Coke also didn’t post especially strong growth in any of the other markets it serves to help offset the North America weakness. Volume grew just 2% in Latin America and the Asia Pacific, and it feel 5% in Europe. The Eurasia and Africa region’s volume grew 5%.

The big number: 53 cents — that’s the adjusted profit Coke reported for the third quarter, and it matched the year-ago level and also what analysts had projected. The reported bottom line was dragged lower by $270 million in charges tied to a move to refranchise some bottling partners in North America.

Revenue totaled $11.98 billion, falling slightly short of the $12.12 billion projected by analysts. Citing some currency exchange fluctuations, Coke said it now expects profit for all of 2014 to be “below its long-term EPS growth targets.”

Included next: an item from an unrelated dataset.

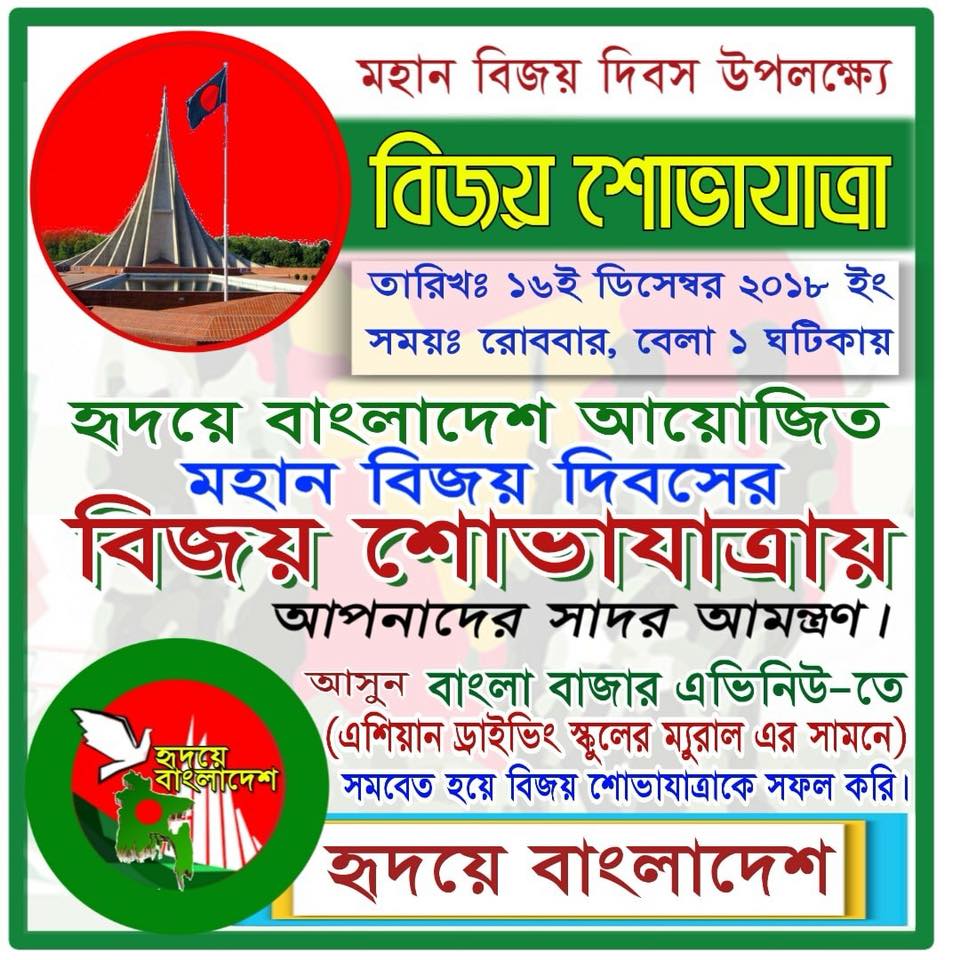 ইউএসএনিউজঅনলাইন.কম : নিউইয়র্কে সামাজিক সংগঠন হৃদয়ে বাংলাদেশ’র বিজয় র‌্যালি ও মনোজ্ঞ সাংস্কৃতিক পরিবেশনা অনুষ্ঠিত হবে আগামী ১৬ ডিসেম্বর রোববার। বাংলাদেশের মহান বিজয় দিবস উদযাপন উপলক্ষ্যে এদিন দুপুর ১টায় বিজয় শোভাযাত্রাটি ব্রঙ্কসের স্টারলিং-বাংলাবাজার-ওলমস্টেড এভিনিউর এশিয়ান ড্রাইভিং স্কুল-তানিয়া বিউটি সেলুনের দেয়ালে অঙ্কিত বাংলাদেশের শহীদ মিনার ও জাতীয় স্মুতিসৌধের বিশাল প্রতিকৃতির সামনে থেকে শুরু হয়ে বিভিন্ন সড়ক প্রদক্ষিণ শেষে একই স্থানে এসে শেষ হবে। এশিয়ান ড্রাইভিং স্কুল ম্যুরালের সামনেই অনুষ্ঠিত হবে মনোজ্ঞ সাংস্কৃতিক পরিবেশনা। প্রবাসের জনপ্রিয় শিল্পীরা এতে সঙ্গীত পরিবেশন করবেন।

What you might have missed: Coke is targeting annualized savings of $3 billion per year by 2019. Coke issued a second press release Tuesday morning touting an “expanded productivity program” (typically, corporate lingo for cost-cutting) and a move to streamline its operations. While Chief Executive Muhtar Kent said Coke sees a challenging macroeconomic environment in 2015, the company’s plans to restructure its global supply chain, among other moves, will help the beverages company achieve a profit before tax target of 6% to 8%.